# Source data:
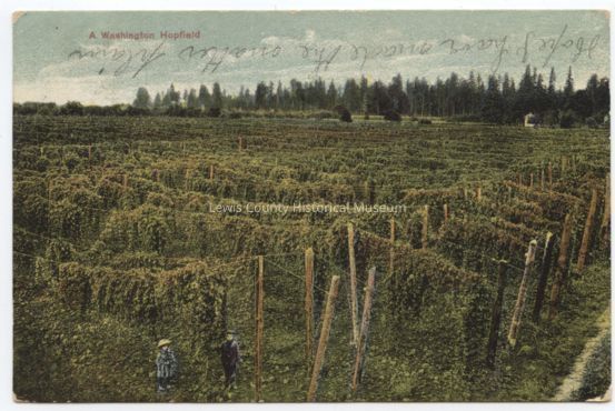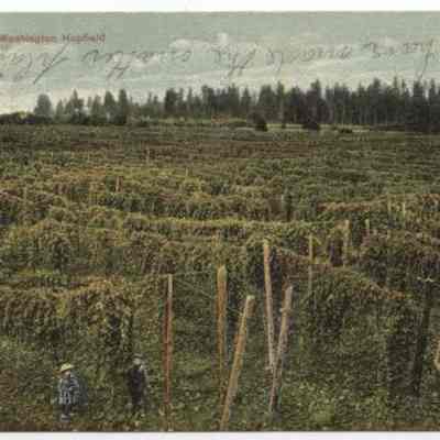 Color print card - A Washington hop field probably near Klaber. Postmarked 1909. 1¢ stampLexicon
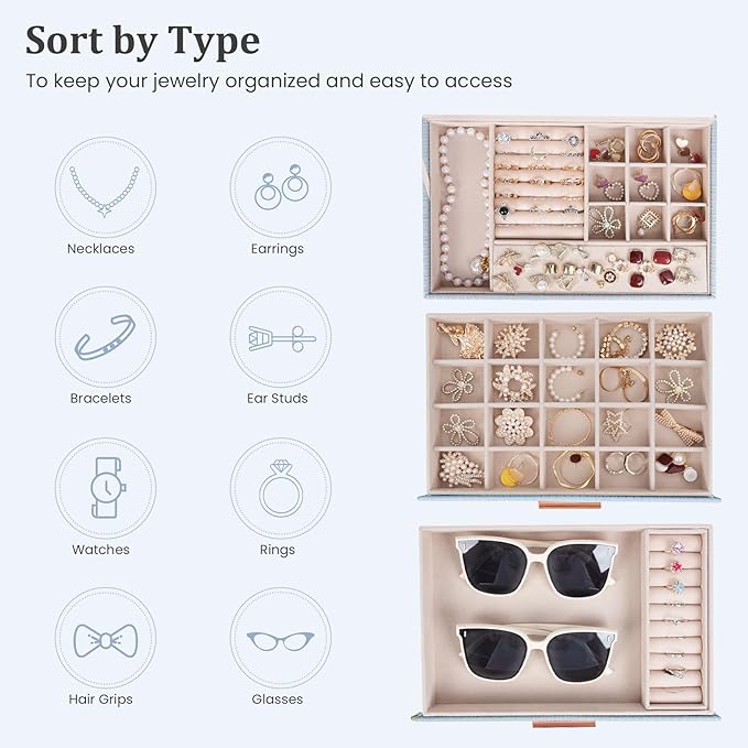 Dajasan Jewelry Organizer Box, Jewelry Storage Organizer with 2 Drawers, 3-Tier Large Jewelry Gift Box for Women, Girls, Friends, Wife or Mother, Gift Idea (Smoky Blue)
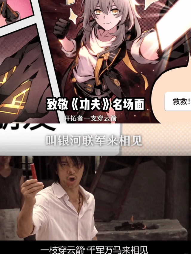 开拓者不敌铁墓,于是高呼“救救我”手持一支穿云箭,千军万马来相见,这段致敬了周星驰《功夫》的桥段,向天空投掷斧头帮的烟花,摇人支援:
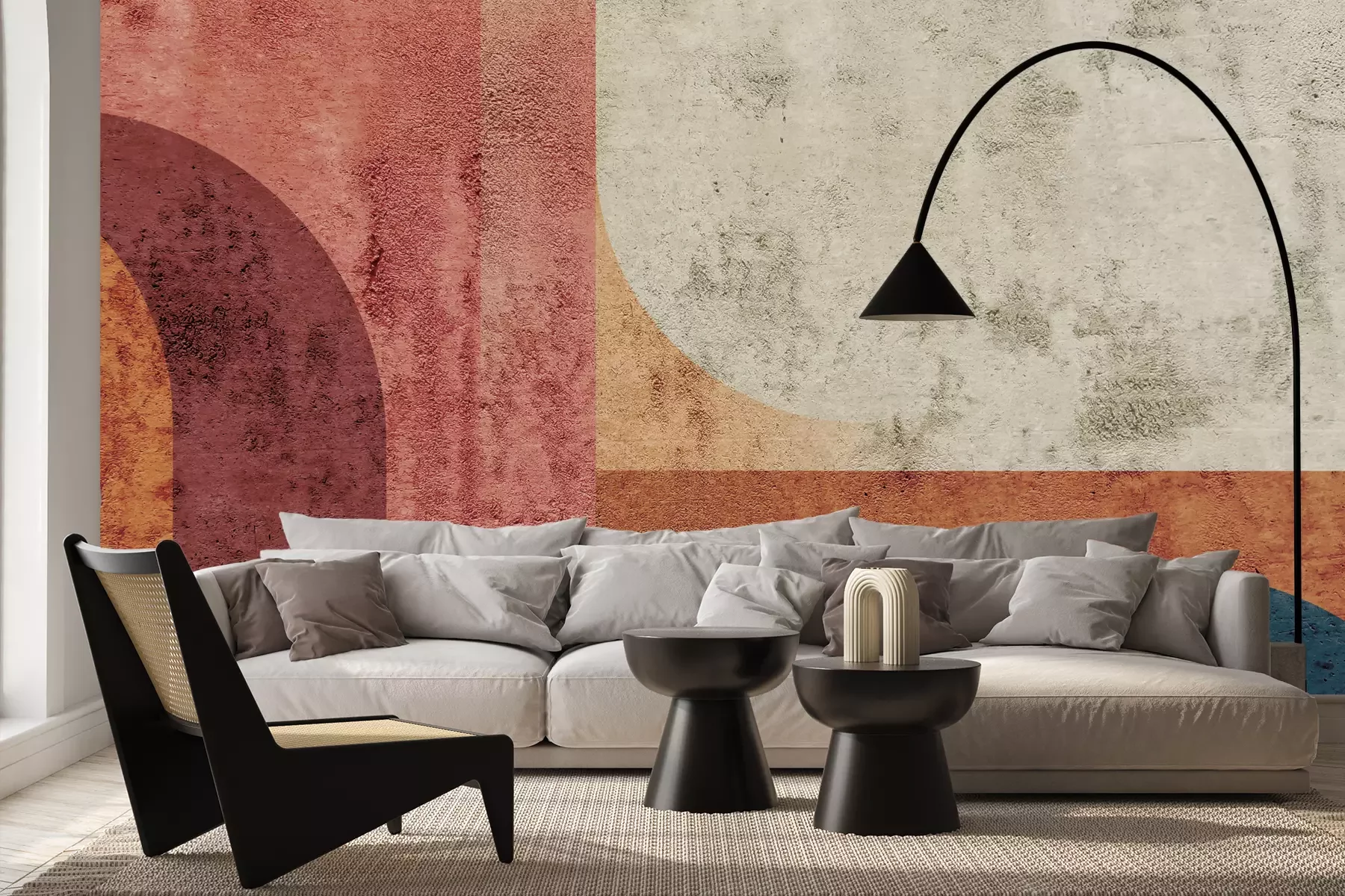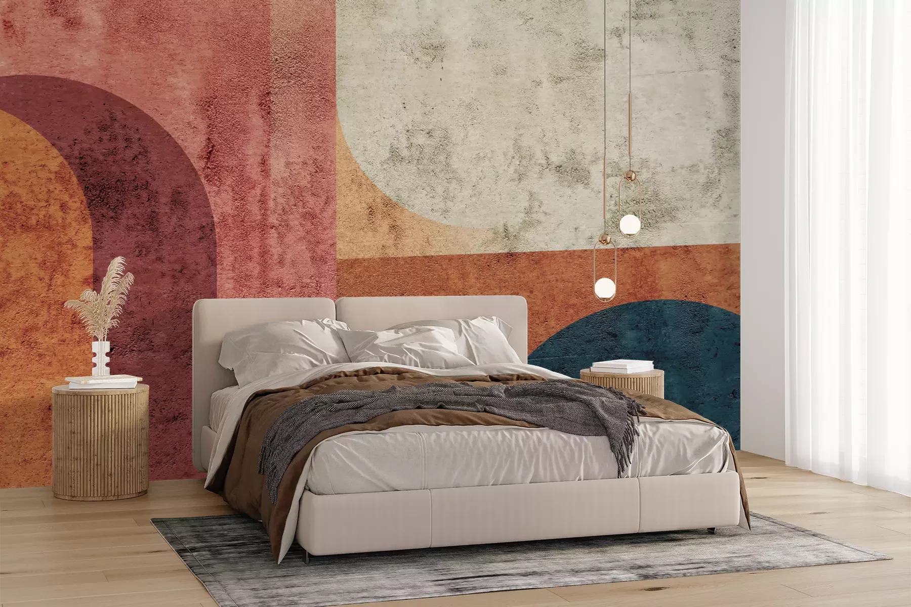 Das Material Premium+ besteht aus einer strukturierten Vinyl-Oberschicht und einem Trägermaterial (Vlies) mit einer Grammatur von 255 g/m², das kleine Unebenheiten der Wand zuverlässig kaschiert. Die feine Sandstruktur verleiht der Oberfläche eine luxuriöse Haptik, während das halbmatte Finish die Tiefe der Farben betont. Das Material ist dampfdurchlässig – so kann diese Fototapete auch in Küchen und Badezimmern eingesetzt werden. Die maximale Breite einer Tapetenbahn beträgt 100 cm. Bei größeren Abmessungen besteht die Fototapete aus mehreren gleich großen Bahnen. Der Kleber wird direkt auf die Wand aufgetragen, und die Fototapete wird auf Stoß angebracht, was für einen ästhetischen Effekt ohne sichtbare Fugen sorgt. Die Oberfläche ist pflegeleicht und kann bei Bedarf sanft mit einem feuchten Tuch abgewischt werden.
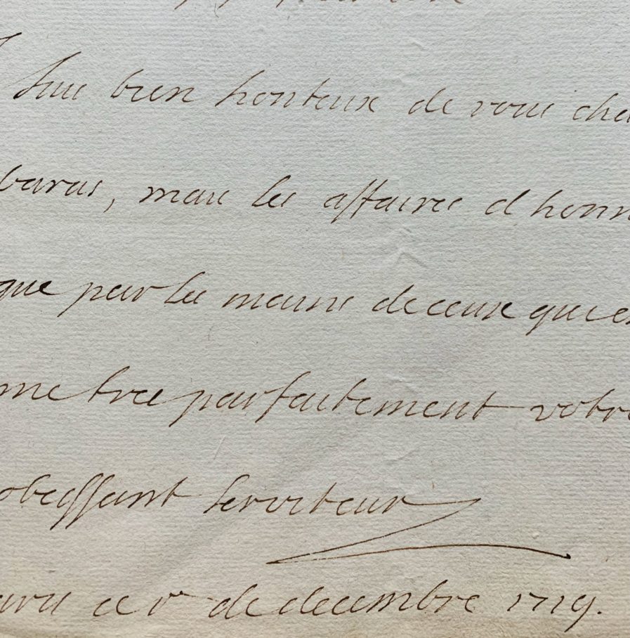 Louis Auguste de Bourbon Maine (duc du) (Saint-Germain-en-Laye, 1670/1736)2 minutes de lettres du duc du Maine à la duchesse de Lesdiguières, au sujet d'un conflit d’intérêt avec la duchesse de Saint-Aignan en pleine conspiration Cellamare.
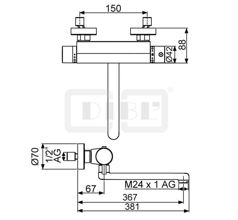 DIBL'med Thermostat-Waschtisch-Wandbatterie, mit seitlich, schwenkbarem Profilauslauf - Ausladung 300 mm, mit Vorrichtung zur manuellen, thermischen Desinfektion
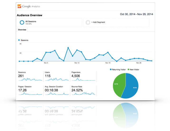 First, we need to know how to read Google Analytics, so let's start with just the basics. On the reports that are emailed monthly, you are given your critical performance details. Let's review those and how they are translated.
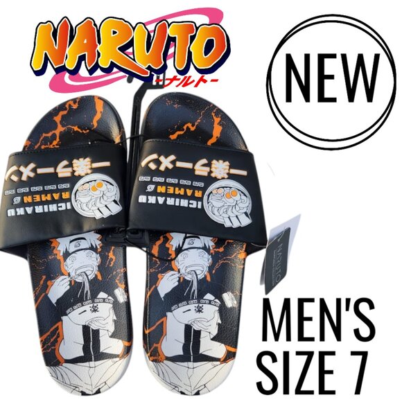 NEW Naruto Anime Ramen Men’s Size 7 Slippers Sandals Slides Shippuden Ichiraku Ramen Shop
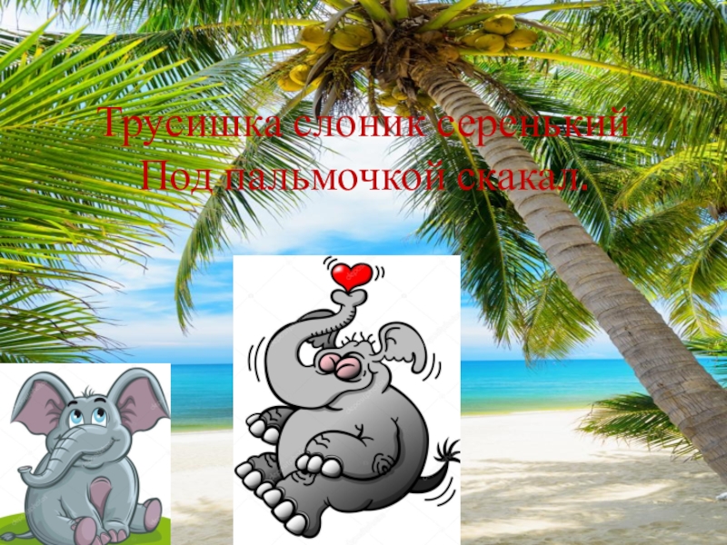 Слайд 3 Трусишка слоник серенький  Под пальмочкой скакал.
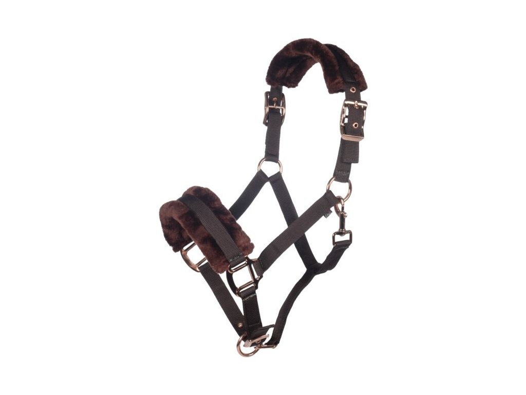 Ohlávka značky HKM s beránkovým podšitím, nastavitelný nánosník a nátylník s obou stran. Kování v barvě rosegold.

# Task statement:
Print the records exactly and omit all pictures.

# Response:
 Color print card - A Washington hop field probably near Klaber. Postmarked 1909. 1¢ stampLexicon
 Dajasan Jewelry Organizer Box, Jewelry Storage Organizer with 2 Drawers, 3-Tier Large Jewelry Gift Box for Women, Girls, Friends, Wife or Mother, Gift Idea (Smoky Blue)
 开拓者不敌铁墓,于是高呼“救救我”手持一支穿云箭,千军万马来相见,这段致敬了周星驰《功夫》的桥段,向天空投掷斧头帮的烟花,摇人支援:
 Das Material Premium+ besteht aus einer strukturierten Vinyl-Oberschicht und einem Trägermaterial (Vlies) mit einer Grammatur von 255 g/m², das kleine Unebenheiten der Wand zuverlässig kaschiert. Die feine Sandstruktur verleiht der Oberfläche eine luxuriöse Haptik, während das halbmatte Finish die Tiefe der Farben betont. Das Material ist dampfdurchlässig – so kann diese Fototapete auch in Küchen und Badezimmern eingesetzt werden. Die maximale Breite einer Tapetenbahn beträgt 100 cm. Bei größeren Abmessungen besteht die Fototapete aus mehreren gleich großen Bahnen. Der Kleber wird direkt auf die Wand aufgetragen, und die Fototapete wird auf Stoß angebracht, was für einen ästhetischen Effekt ohne sichtbare Fugen sorgt. Die Oberfläche ist pflegeleicht und kann bei Bedarf sanft mit einem feuchten Tuch abgewischt werden.
 Louis Auguste de Bourbon Maine (duc du) (Saint-Germain-en-Laye, 1670/1736)2 minutes de lettres du duc du Maine à la duchesse de Lesdiguières, au sujet d'un conflit d’intérêt avec la duchesse de Saint-Aignan en pleine conspiration Cellamare.
 DIBL'med Thermostat-Waschtisch-Wandbatterie, mit seitlich, schwenkbarem Profilauslauf - Ausladung 300 mm, mit Vorrichtung zur manuellen, thermischen Desinfektion
 First, we need to know how to read Google Analytics, so let's start with just the basics. On the reports that are emailed monthly, you are given your critical performance details. Let's review those and how they are translated.
 NEW Naruto Anime Ramen Men’s Size 7 Slippers Sandals Slides Shippuden Ichiraku Ramen Shop
 Слайд 3 Трусишка слоник серенький  Под пальмочкой скакал.
 Ohlávka značky HKM s beránkovým podšitím, nastavitelný nánosník a nátylník s obou stran. Kování v barvě rosegold.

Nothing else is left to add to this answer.